### WHAT YOU HAVE TO DO
Your answer should contain only the lines from the top of the data below down through the one with "8月11日,廣東省援海南三亞核酸檢測隊的醫護人員在進(jìn)行核酸檢測工作。", transcribed exactly and without pictures; please include nothing more.

### COLLECTED DATA

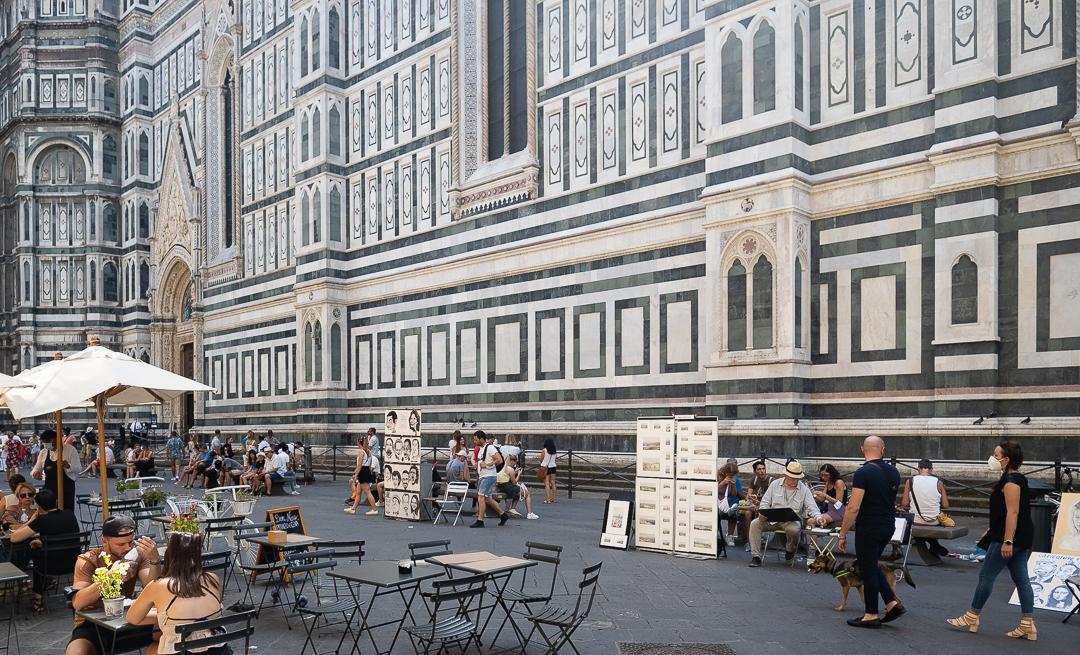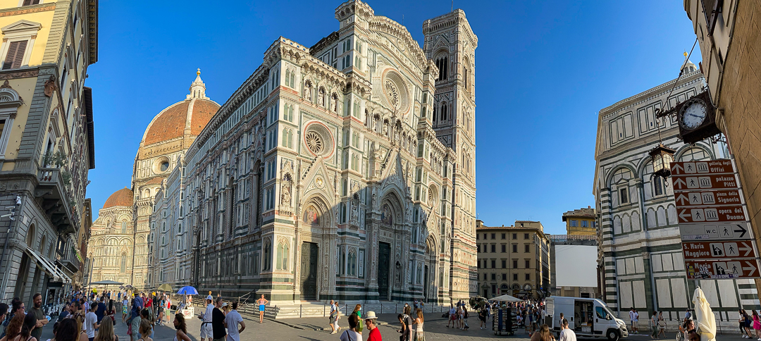 The cathedral of Florence (il duomo) is one of the most recognizable landmark worldwide. Situated in the heart of Florence, the cathedral forms a complex with the Baptistery and the Campanile at the Piazza del Duomo. These three buildings are part of the UNESCO World Heritage Site encompassing the historic center of Florence.
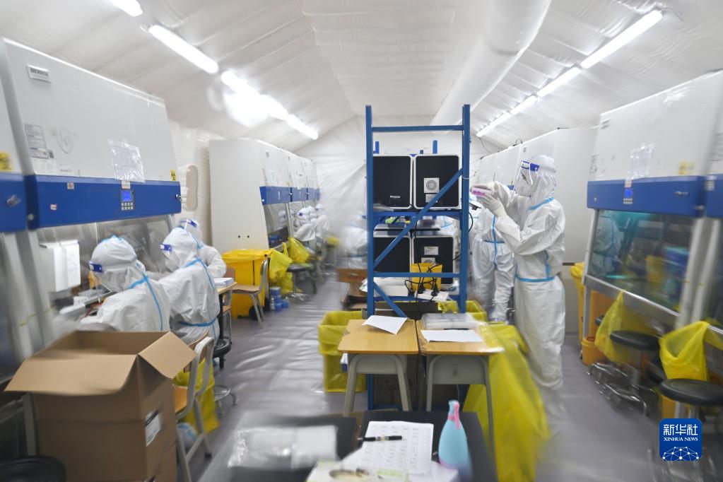 8月11日,廣東省援海南三亞核酸檢測隊的醫護人員在進(jìn)行核酸檢測工作。
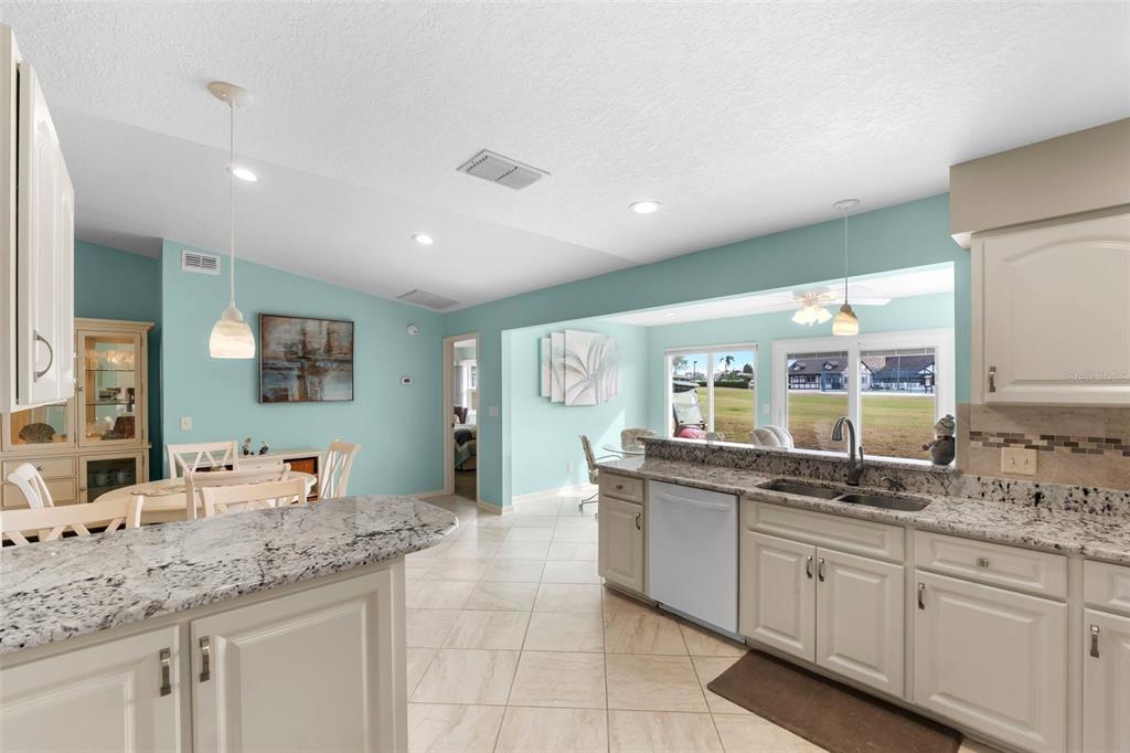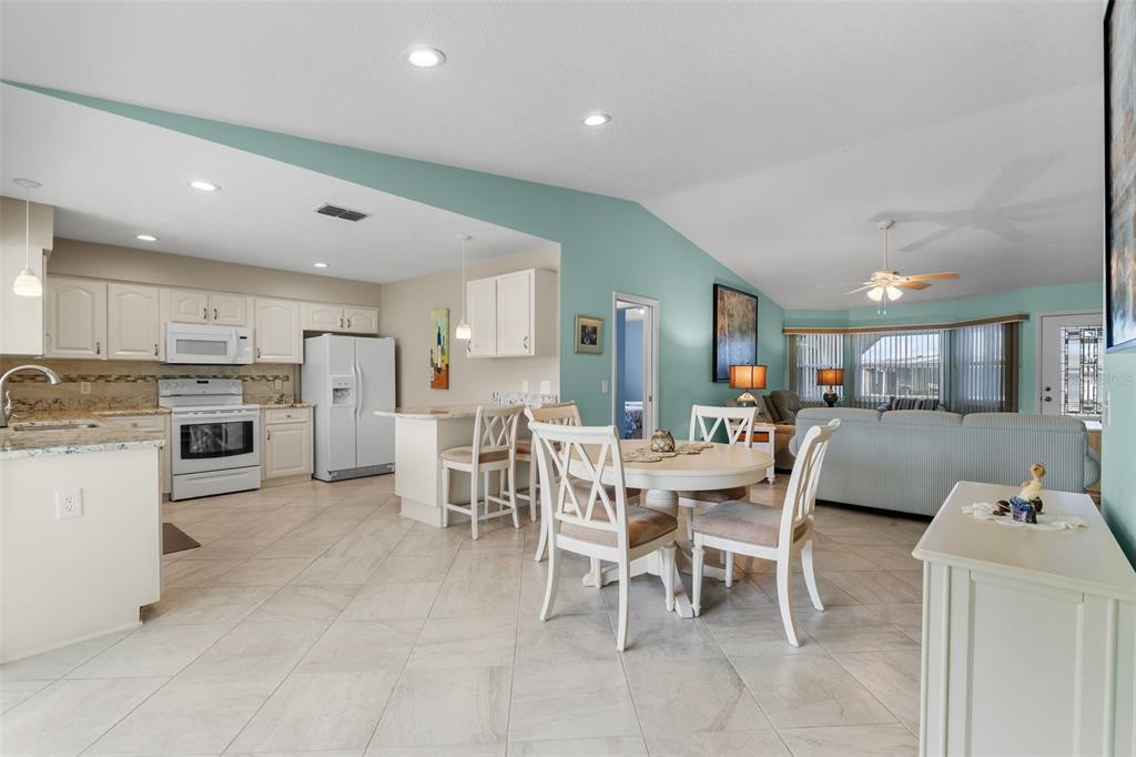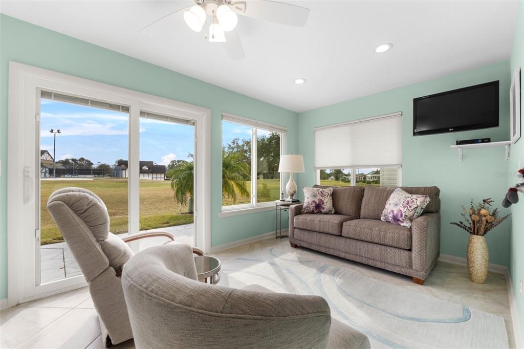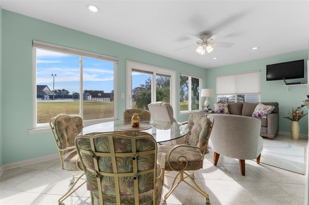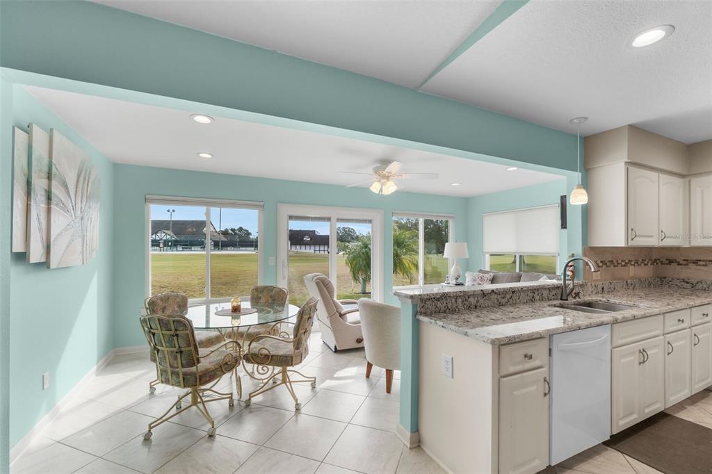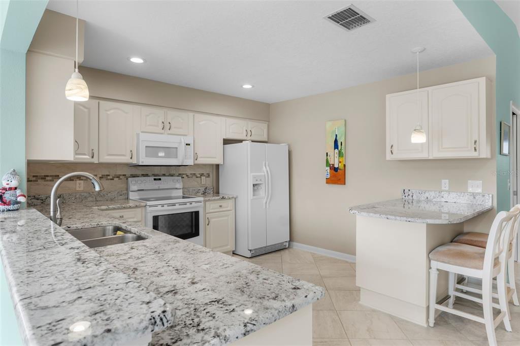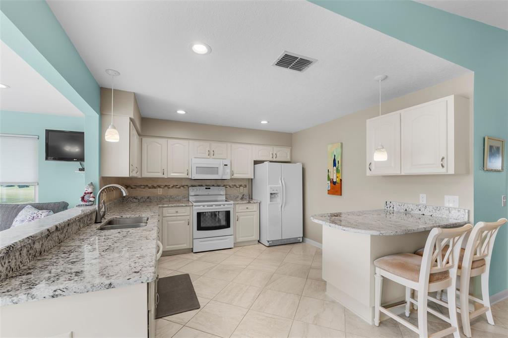 Discover this beautifully updated 2-bedroom, 2-bath home located on the 18th hole of the highland fairways golf course. with incredible views of the clubhouse and amenities, this home offers a serene lifestyle in a prime location. the updated modern ceramic tile flooring enhances the main living areas with a clean and polished look throughout. you’ll enjoy cooking in the remodeled kitchen designed with neutral tones and gleaming granite counters, tiled backsplash and updated appliances. there’s even a quaint breakfast bar for meals on the fly! the elegant master bath offers a spa-like experience with an over-sized custom step-in shower with glass doors, his and her sinks and granite countertops. the guest bath also features a granite counter and an updated step-in shower. the guest bedroom is highlighted by a bay window with loads of charm. the florida room located at the rear of the home is open to the kitchen and dining, creating a perfect entertaining or relaxing area with full views of the golf course and clubhouse. this home combines modern style and functionality, with furniture available for purchase for added convenience. the low monthly hoa fee covers spectrum cable tv, internet, wifi, use of all the amenities and lawn service. start living the florida dream today!3273 PEBBLE BND, LAKELAND, FL 33810

### FINISHED EXERCISE
 The cathedral of Florence (il duomo) is one of the most recognizable landmark worldwide. Situated in the heart of Florence, the cathedral forms a complex with the Baptistery and the Campanile at the Piazza del Duomo. These three buildings are part of the UNESCO World Heritage Site encompassing the historic center of Florence.
 8月11日,廣東省援海南三亞核酸檢測隊的醫護人員在進(jìn)行核酸檢測工作。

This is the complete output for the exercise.